Revised: February 14, 2024

  • · Overview
  • · Eligible Providers
  • · Eligible Members
  • · Covered Services
  • · Noncovered Services
  • · Billing
  • · Definitions
  • · Legal References
  • Overview

    A community health worker (CHW) is a trained health educator who works with Minnesota Health Care Programs (MHCP) members who may have difficulty understanding providers due to cultural or language barriers. CHWs extend the reach of providers into underserved communities, reduce health disparities, enhance provider communication, and improve health outcomes and overall quality measures. Working in conjunction with primary care providers, CHWs can bridge gaps in communication and instill lasting health knowledge.

    CHW services are a diagnosis-related medical intervention, not a social service.

    CHWs providing diagnosis-related patient education services to enrollees of managed care organizations (MCOs) must contact the MCOs for enrollment requirements and coverage policies.

    CHW services that provide patient education for health promotion and disease management are covered if provided under the supervision of a physician, dentist, advanced practice registered nurse (APRN), certified public health nurse (PHN), mental health (MH) professional or registered nurse.

    Eligible Providers

    Providers must have a valid certificate from the Minnesota State Colleges and Universities demonstrating that the applicant has completed an approved community health worker curriculum. CHW providers must enroll and be screened following the MHCP provider screening requirements at the time of enrollment and once within every five years to maintain their enrollment.

    Currently enrolled CHWs must inform the Minnesota Department of Humans Services (DHS) of their affiliation with dentists, ARPNs, certified PHNs or mental health professionals by requesting the affiliations using the Minnesota Provider Screening and Enrollment (MPSE) Portal or by completing, signing and faxing DHS the MHCP Individual Provider Profile Change (DHS-3535) (PDF).

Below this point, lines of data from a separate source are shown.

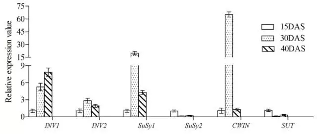 5.使用qRT-PCR驗證參與蔗糖代謝的差異表達基因。這6個差異表達基因的表達水平與RNA-seq結(jié)果是一致的。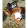 手前は、去年の十二月に産まれたクッキーです。そのうしろがパパのファインくんで、その後がママのチョコです。クッキーはまだ五ヵ月にもなってないのに四・二キロもありました。パパもママもびっくりです。成犬になったら七キロいきそうな勢いです。〓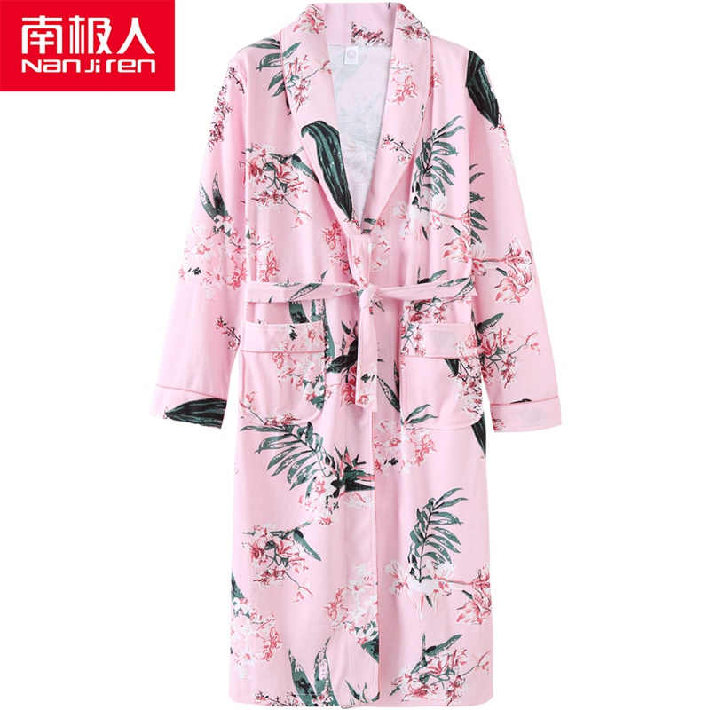 Pajamas women's spring and autumn cotton long-sleeved pajamas ladies cotton homewear thin section elegant temperament plus size bathrobe

    MHCP requires CHWs to enroll so they are represented on a claim as the provider who provided the services. During the enrollment process, Provider Eligibility and Compliance will assign the CHW worker a Unique Minnesota Provider Identifier (UMPI) if the CHW does not have a National Provider Identifier (NPI).

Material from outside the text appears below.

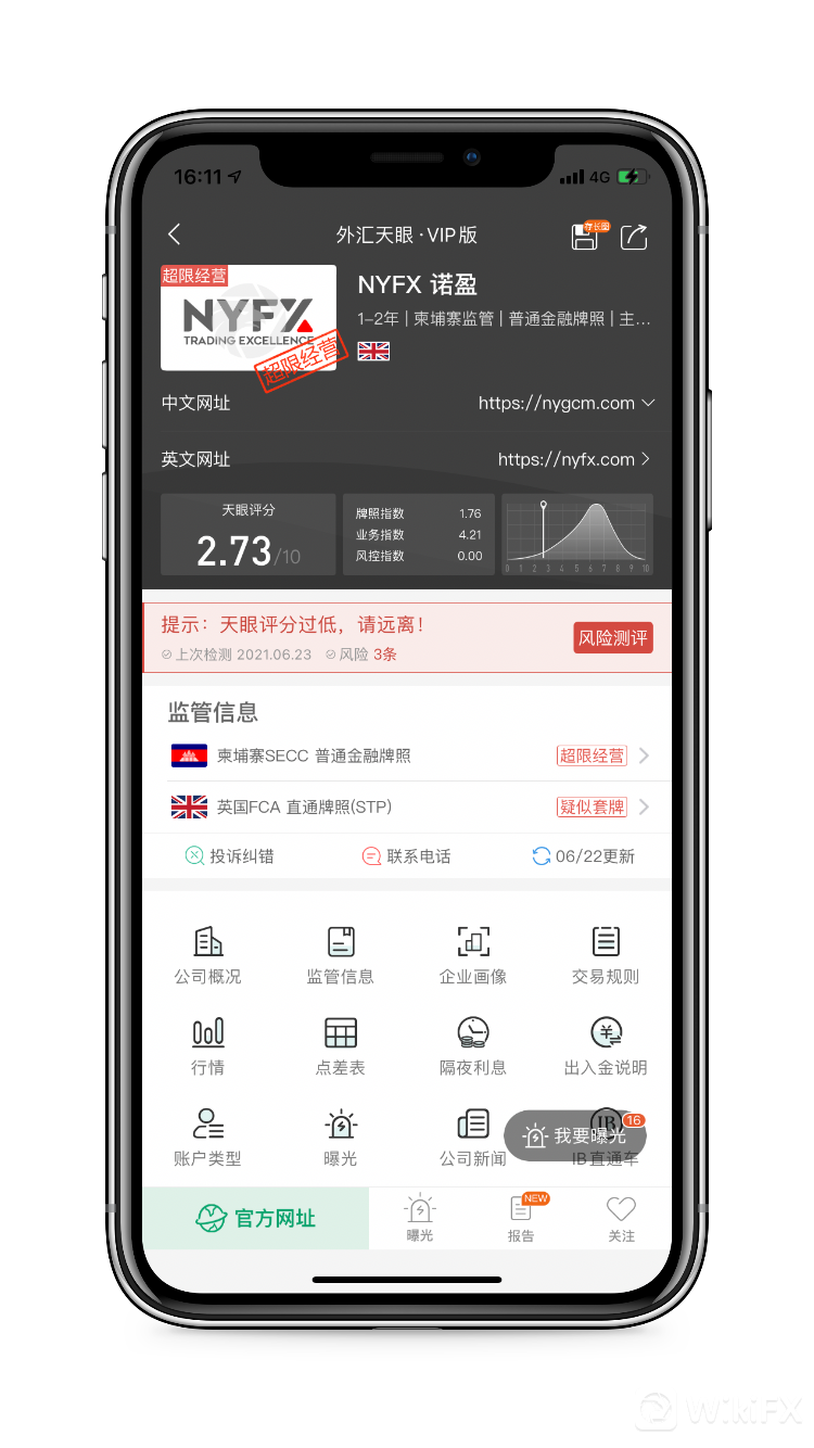 在外汇天眼上查询可知,NYFX诺盈天眼评分2.73分,宣称持有的两张监管牌照均已无效,柬埔寨SECC授权的普通金融牌照超限经营,英国FCA授权的直通牌照疑似套牌,目前曝光台中收到对该交易商的投诉曝光已经达到了十几条,内容均是严重的无法出金问题,存在巨大风险!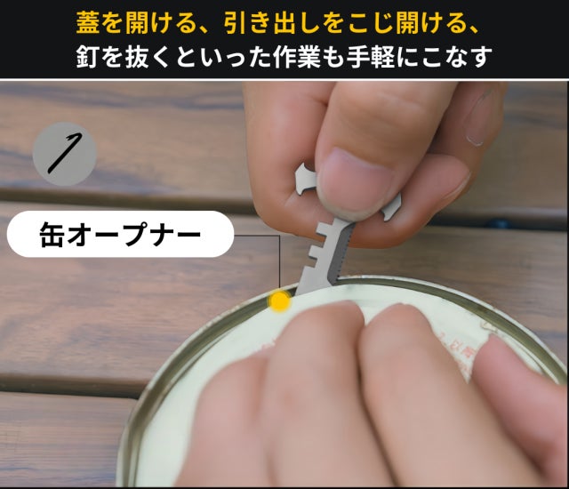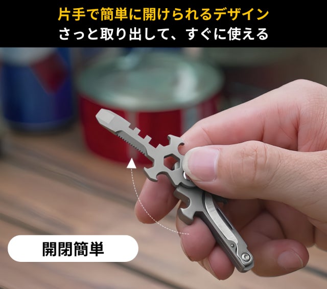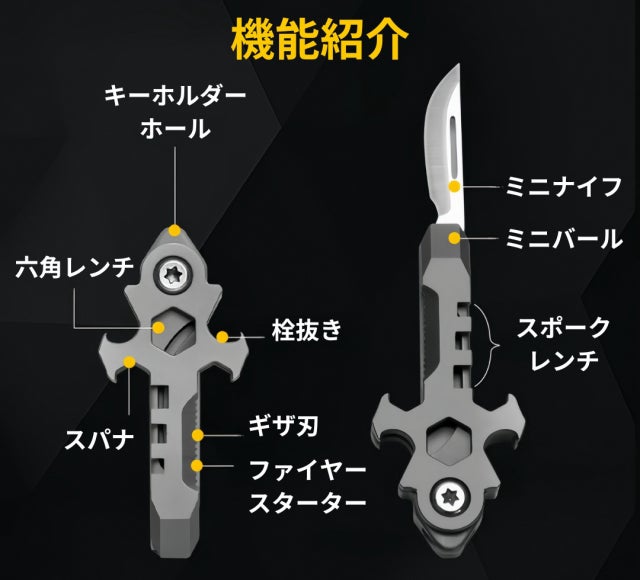ナイフ、レンチ、栓抜き、火起こし、バールなど、多彩な実用機能を備えており、アウトドアから日常生活まで、さまざまな場面で便利に活用できるツールです。

    Enrolled CHWs are considered a non-pay-to provider but must be listed on the claim as the individual who rendered the CHW services. CHWs must provide an eligible MHCP-enrolled billing provider with their UMPI or NPI, so the eligible billing provider can submit claims for their services.

    Eligible Providers

  • · Advance practice registered nurse (APRN)
  • · Clinic
  • · Community health clinic (CHC)
  • · Critical access hospital
  • · Dentist
  • · Family planning agency
  • · Federally qualified health centers (FQHC)
  • · Hospital
  • · Indian health service (IHS) facility
  • · Mental health professionals
  • · Physician
  • · Public health nurse clinic (PHNC)
  • · Rural health clinics (RHC)
  • · Tribal health facility
  • Eligible Members

    Medical Assistance (MA) and MinnesotaCare members are eligible to receive education services provided by a CHW.

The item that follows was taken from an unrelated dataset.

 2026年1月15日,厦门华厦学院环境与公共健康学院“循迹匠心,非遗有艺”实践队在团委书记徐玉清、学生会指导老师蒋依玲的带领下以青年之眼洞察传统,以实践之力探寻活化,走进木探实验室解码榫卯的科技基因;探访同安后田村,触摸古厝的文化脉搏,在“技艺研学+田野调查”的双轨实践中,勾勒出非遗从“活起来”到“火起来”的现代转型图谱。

    MHCP members enrolled in the Minnesota Family Planning Program (MFPP) are not eligible to receive CHW services.

    Covered Services

    MHCP will cover diagnosis-related patient education services, including diabetes prevention and pediatric obesity treatment provided by a CHW with the following criteria:

  • · MHCP requires general supervision by an MHCP-enrolled physician, APRN, dentist, mental health professional, non-enrolled certified public health nurse or registered nurse working for an enrolled organization
  • · A physician, APRN, dentist, certified public health nurse or mental health professional must order the patient education service(s) and must order that a CHW provides the service(s)
  • · The service involves teaching the patient how to self-manage his or her health or oral health effectively in conjunction with the health care team
  • · The service is provided face-to-face with the member (individually or in a group) in an outpatient, home, clinic or other community setting
  • · The content of the patient education plan or training program is consistent with established or recognized health or dental health care standards. Curriculum may be modified as necessary for the clinical needs, cultural norms and health or dental literacy of the individual patients
  • Noncovered Services

    MHCP does not cover social services such as enrollment assistance, case management or advocacy delivered by a CHW.

    Required Documentation

    The CHW education service is based on units of time. Include the following in the member’s record:

  • · An order for services signed by an MHCP-enrolled physician, APRN, dentist, mental health professional or non-enrolled registered nurse or public health nurse working for an enrolled organization. The order must specify the number of units ordered and whether group or individual services
  • · Documentation of the patient education plan or training program used by the CHW
  • · Documentation of periodic assessment of the member’s progress and need for ongoing CHW services
  • · Documentation of the following:
  • · Date of service
  • · Start and end time for the service
  • · Whether the service was group or individual and if group, number of patients present, summary of the session’s content, and the CHWs signature and printed name
  • Billing

    An eligible billing provider must submit claims for the rendering CHW provider’s services.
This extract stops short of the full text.